A quick note on old books versus new books is in order. I’m a big fan of the re-read. I know not everybody does that. If you are, this is your permission to pull a book off the shelf that you loved at least 2 years ago if not 20 or 30. If you're not, you've probably got a stack of books you said you’d get to, or even that you’ve said you’ve read. Well, now's the time, baby. Stand in front of the shelf and judge them by their covers. Think: live- or kill-time?

Once you have your books selected, and have assured they all fit, you’re ready to start thinking about sequencing.

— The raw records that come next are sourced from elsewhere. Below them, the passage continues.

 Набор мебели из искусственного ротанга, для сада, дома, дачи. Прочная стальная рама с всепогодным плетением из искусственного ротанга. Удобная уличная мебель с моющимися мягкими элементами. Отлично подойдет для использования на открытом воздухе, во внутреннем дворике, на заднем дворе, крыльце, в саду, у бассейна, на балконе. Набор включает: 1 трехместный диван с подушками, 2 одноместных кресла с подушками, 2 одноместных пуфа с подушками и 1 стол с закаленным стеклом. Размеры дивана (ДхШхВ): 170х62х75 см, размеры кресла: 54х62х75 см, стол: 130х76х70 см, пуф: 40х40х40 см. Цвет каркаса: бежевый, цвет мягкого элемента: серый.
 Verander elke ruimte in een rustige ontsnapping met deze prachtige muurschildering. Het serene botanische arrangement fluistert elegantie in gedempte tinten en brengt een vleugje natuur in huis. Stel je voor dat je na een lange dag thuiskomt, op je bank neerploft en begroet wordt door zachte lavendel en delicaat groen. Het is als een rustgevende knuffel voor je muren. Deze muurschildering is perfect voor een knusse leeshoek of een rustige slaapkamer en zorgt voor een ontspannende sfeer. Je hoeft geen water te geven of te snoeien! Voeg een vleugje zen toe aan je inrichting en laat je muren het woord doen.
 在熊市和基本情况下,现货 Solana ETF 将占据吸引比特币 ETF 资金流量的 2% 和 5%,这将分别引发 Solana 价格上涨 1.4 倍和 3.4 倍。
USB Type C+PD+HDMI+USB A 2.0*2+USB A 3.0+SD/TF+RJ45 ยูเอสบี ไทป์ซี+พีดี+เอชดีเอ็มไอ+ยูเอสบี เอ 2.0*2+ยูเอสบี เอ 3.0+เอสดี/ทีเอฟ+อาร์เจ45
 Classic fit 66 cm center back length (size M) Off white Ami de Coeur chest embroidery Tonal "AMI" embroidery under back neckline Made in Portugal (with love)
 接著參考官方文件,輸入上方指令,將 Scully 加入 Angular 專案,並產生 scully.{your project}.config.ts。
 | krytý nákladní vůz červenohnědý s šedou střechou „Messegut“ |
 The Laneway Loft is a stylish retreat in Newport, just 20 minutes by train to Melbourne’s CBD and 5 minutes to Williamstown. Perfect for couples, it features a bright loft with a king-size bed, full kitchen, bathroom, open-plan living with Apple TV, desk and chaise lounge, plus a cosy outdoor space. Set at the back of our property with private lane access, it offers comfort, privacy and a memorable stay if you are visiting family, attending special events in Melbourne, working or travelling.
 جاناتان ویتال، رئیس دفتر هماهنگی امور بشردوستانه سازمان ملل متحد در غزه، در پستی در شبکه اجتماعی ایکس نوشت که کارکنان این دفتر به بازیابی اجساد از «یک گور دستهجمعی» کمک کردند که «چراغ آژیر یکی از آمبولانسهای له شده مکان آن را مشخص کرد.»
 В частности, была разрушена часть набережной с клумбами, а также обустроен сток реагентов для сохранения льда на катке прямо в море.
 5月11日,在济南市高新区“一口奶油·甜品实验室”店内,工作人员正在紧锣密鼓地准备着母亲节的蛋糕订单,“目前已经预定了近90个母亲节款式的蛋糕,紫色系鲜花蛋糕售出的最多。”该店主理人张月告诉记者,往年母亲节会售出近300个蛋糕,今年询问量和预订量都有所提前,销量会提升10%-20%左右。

My approach to sequencing is to return to the time-liver and time-killer parameters and make a pact with myself that I’ll start with the time-liver and end with the time-killer. The reason for this is pretty simple if not downright obvious: pre-vacation I haven’t vacated work-brain yet, and work brain is ready to put some effort in before it’s pushed out on vacation and full of cocktails and wines and new local beers I wish we could get back home. The liver thing is suddenly making new metaphorical sense here, too. So, yeah.

Start with the hard one. End with the easy one.

By the end of vacation you’ll be max-relaxed. The easy book will help you miss vacation even more. Even if you didn’t get through your whole list, you’ll be ready for this one. If you time it right, you won’t even finish it. Instead, you’ll spend the next week trying to squeeze in a page here and a paragraph there, the last vestige of vacation, and it’ll serve as a perfect off-ramp back to real life, and sobriety (which your liver will thank you for).

That’s it. That’s how you pick a vacation booklist and sequence it for maximum enjoyment.

Find a time-killer and time-liver on your shelf, pull some less extreme books to pair with them, and pack your suitcase with the time-liver in the easiest access spot you’ve got left.

Vacations are for vacating regular life. I don’t know if I’d appreciate reading time as much if it wasn’t scarce. I do intend to make more time for it, as usual, after this trip, but we’ll see what sticks. Books are such special ways to kill time and find feelings inside of ourselves we don’t often have the space or attention to access. This is why you need a stack of books. This is why you need an order. This is why you have to do this in preparation pack mode, to get the most out of whatever precious time you have, away from the regular time.

If you know that feeling too, I’m happy to share this with you.

Oh, and a reminder to not forget your bathing suit if this is a bathing suit type of a trip.

Ps. Success looks like this (photo credit: loving wife who understands my madness):

P.p.s. That’s your one other hint for what books came with each of us. Go ahead and guess. I’m very amused by this.